WINTER 2008/2009 - VOL. 34, NO.1
First-Person

Margo Rita Capparelli, MA’89, PHD’02
Why did I decide to teach sociology on a downrange military base? Having reached the crossroads in life that sends some of my male contemporaries to the nearest Harley-Davidson retailer, I was ready for some adventure.
So I catapulted myself off to one of the American military bases in the Arabian Desert that act as staging areas for troops serving in Iraq. I was now as far away as I could get from my peaceful Massachusetts existence.
No one in my family had served in the armed forces since VJ Day. I’d grown up listening to Pete Seeger and Bob Dylan warning against studying war and assuming that God’s on our side. I had no grasp of military rankings, protocols, or regulations. Images drawn from M*A*S*H reruns and Bob Hope specials were the only frames of reference I could muster up before I actually saw the base in the middle of the desert.
The reality is beige: beige sand, beige tents, beige buildings, and beige clothing, camouflaged to blend in with the beige all around. We few civilians, in our street clothes, are the only spots of color against the sand.
Many aspects of the job are the same as teaching in the States. Others are not. Guns, which used to be an anomaly in my life, are everywhere here. Soldiers “going north,” for instance, are required to carry them at all times. I’ve become very accustomed to seeing combat knives and semi-automatic rifles in the classroom.
I’ve also gotten used to hearing a different kind of excuse for missing class: “I have to go to Iraq for a few days.” I’ve even warmed up to my new name: “Ma’am.”
As the sole university professor on the base, I know my presence offers my students a small reprieve from the military. Sometimes I see my greater purpose here as reminding them about the rules of civilian life.
One day, several students had to miss class to go on a mission. When they returned, they were disheartened to hear we’d covered additional material in their absence. One Marine expressed his displeasure by proclaiming, “Leave no soldier behind!”
“Do you know where that philosophy gets you in the civilian world?” I asked them.
From the back of the room, someone muttered, “Yeah, left behind with the guy getting left behind.”
No lesson needed there. My students know the civilian world doesn’t always value looking out for your buddy, whatever the cost.
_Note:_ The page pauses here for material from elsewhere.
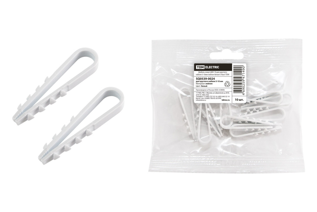Дюбель-хомут ДХК-10 для круглого кабеля 5-10мм нейлон белый (10шт) TDM

It’s ironic, I’ve found, that some of the best aspects of American life seem to flourish amid the harsh realities of war. In many ways, the base is a community of civility and respect. Pedestrians always have the right of way. Strangers say hello. People spend time getting to know you. You feel taken care of and, in turn, feel responsible for everyone around you.
Yet, although our basic needs are provided for, life here is harsh, both physically and psychologically. People are away from their loved ones. Loneliness, depression, and divorce run high. Pimply nineteen-year-olds talk about their ex-wives.
Faced with such inner turmoil, I quickly became marriage counselor, therapist, and confidante. It seemed the least I could do.
I edited a love letter for one of my favorite students. I counseled another young soldier who was going to use two weeks of R&R to get cosmetic surgery in Thailand. Though she was excited about returning with a new nose, a reconstructed smile, and an enhanced upper body “like Angelina Jolie’s,” she was nervous about undergoing these procedures alone in a foreign land.
At times, I’ve been on the receiving end of the lesson. I learned to disassemble and reassemble an M16A2 rifle. Two sweet young Marines were delighted to explain to the teacher the art of stabbing a man so he doesn’t scream. When I correctly parroted back their instructions, I got high-fives all around.
Civilians will tell you they are here “for the troops” or the lucrative salaries many of them enjoy. However, this really isn’t a place that people run to; it’s the place they land. Over time, I have come to understand that no civilian is here without good cause, including myself. Some are escaping their own wars at home. Others don’t have a home to return to.
For me, the most surprising thing about this beige world is how at home I feel here. Though I miss my friends and family back in the States, I’ve learned to reach out to those around me and embrace the qualities of this strange location.
I’ve managed to find an oasis of peace and friendship in a place created by war. The desert is the same endless monochromatic landscape it was when I first arrived. But the people here have transformed it into Technicolor.
Margo Rita Capparelli is a senior lecturer in Northeastern’s College of Professional Studies.